As I reported some weeks ago, several indicators suggest that the tensions are actually worse. I watched a modest Orange Parade, largely middle-aged and far from triumphalist.

And I felt for those in the Province who simply wish to remain British and must now live under the rule of Martin McGuinness and his band of ruffians. Mind you, there’s not much future these days for anyone anywhere who wants to stay British. That’s not allowed.


A pathetically thin excuse

I have now measured the road that Defence Minister Andrew Robathan says is  ‘very narrow’, too narrow, apparently, for the hearses containing dead soldiers  from Afghanistan. 

I went to Carterton, the  small town on the doorstep of RAF Brize Norton where the honoured dead will arrive after September.
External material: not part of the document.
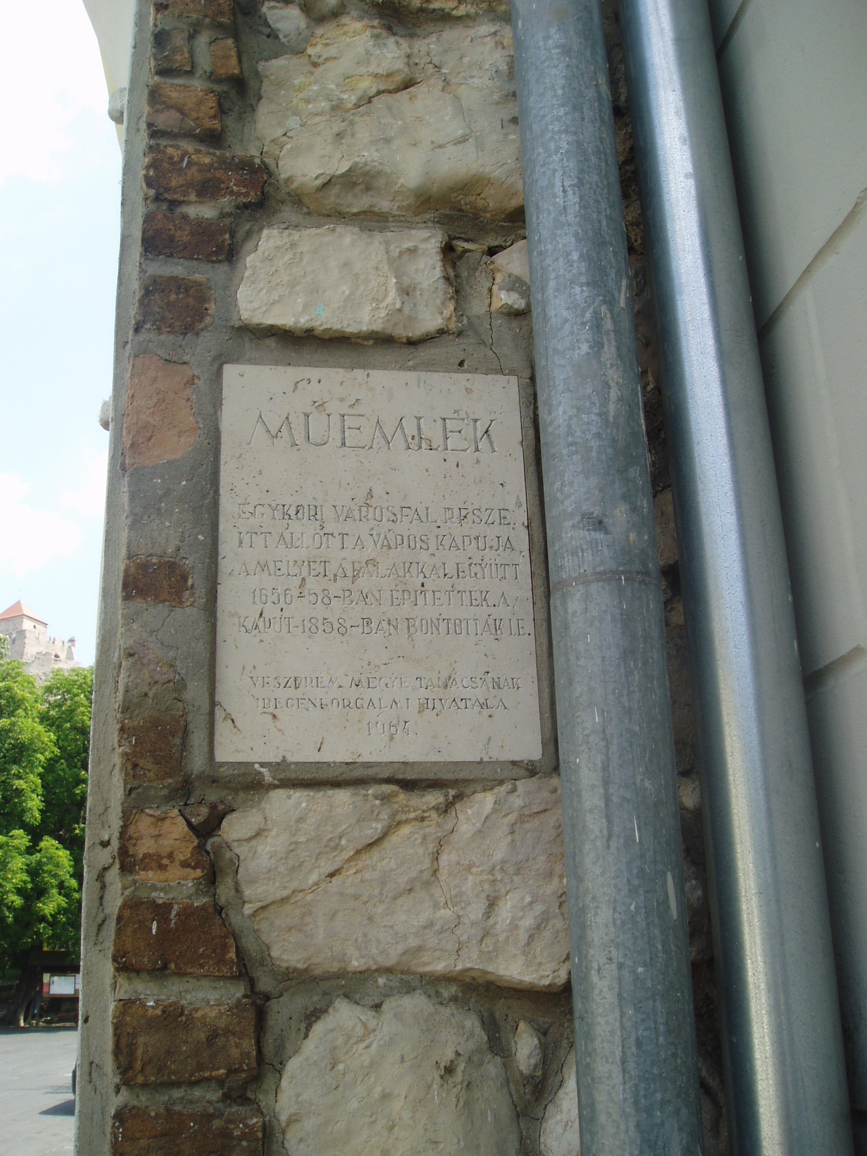Nyilvános 1021 | 1592 | Sümeg, Kisfaludy tér - Kossuth u. sarok | 1656 és 1658 között Széchenyi György püspök kőfalakkal kerítette be Sümeg városát. Az egykor 1100 méter hosszú, bástyákkal megerősített és kapukkal ellátott kőfalak maradványaival több helyen is lehet találkozni a város területén (lásd még: Sümeg, Kossuth u. 31). A képen az egyik, 1916-ban lebontott városkapu emléktáblája látható. A fénykép 2007 júniusában készült. Felh. irod.: Koppány Tibor - Kozák Károly: Sümeg útikalauz. Veszprém, Idegenforgalmi Hivatal, 1965 Látnivalók Veszprém megyében. Miskolc, Well-PRess, 2004 Sümegi kalauz. Sümeg, Sümegi Fórum alapítvány, 1993 |

And I measured the Burford Road, just outside the Church of St John the Evangelist, along which the cortege could pass on its way to Oxford, if the authorities had not chosen another route, which carefully avoids the only major High Street nearby.

The road at this point is  22ft wide, which doesn’t  strike me as specially narrow. Two-way traffic was getting through pretty briskly. 

What is more, Carterton, a strikingly modern town with exactly the same population as Wootton Bassett, has plenty of broad pavements on which people might – if they wished – assemble to pay their respects to those who did  their duty to the utmost.

Of course, the Prime Minister and his shadowy, rich backers (not all Murdoch employees) dwell just round the corner in the cosy hills above Witney and Chipping Norton. I do wonder what contacts they may have had with the Tory-controlled Oxfordshire County Council that has selected the route. The whole thing is increasingly suspicious.

 

Boston and the silent explosion

Say this to yourself slowly. A quarter of the population of Boston, Lincolnshire, are immigrants from Eastern Europe, Portugal and Asia.

This amazing fact was well down the story about an explosion in an alleged moonshine factory. But it is in many ways far more explosive than the explosion. 

I first visited Boston 25 years ago when it was such a settled place that people from outside that part of Lincolnshire (me) were actually called ‘foreigners’ by the locals. 

The repeated warnings from Sir Andrew Green of MigrationWatch, that the country is being transformed by migrants, are plainly true.

The only remaining question is whether it is a deliberate policy or mere incompetence.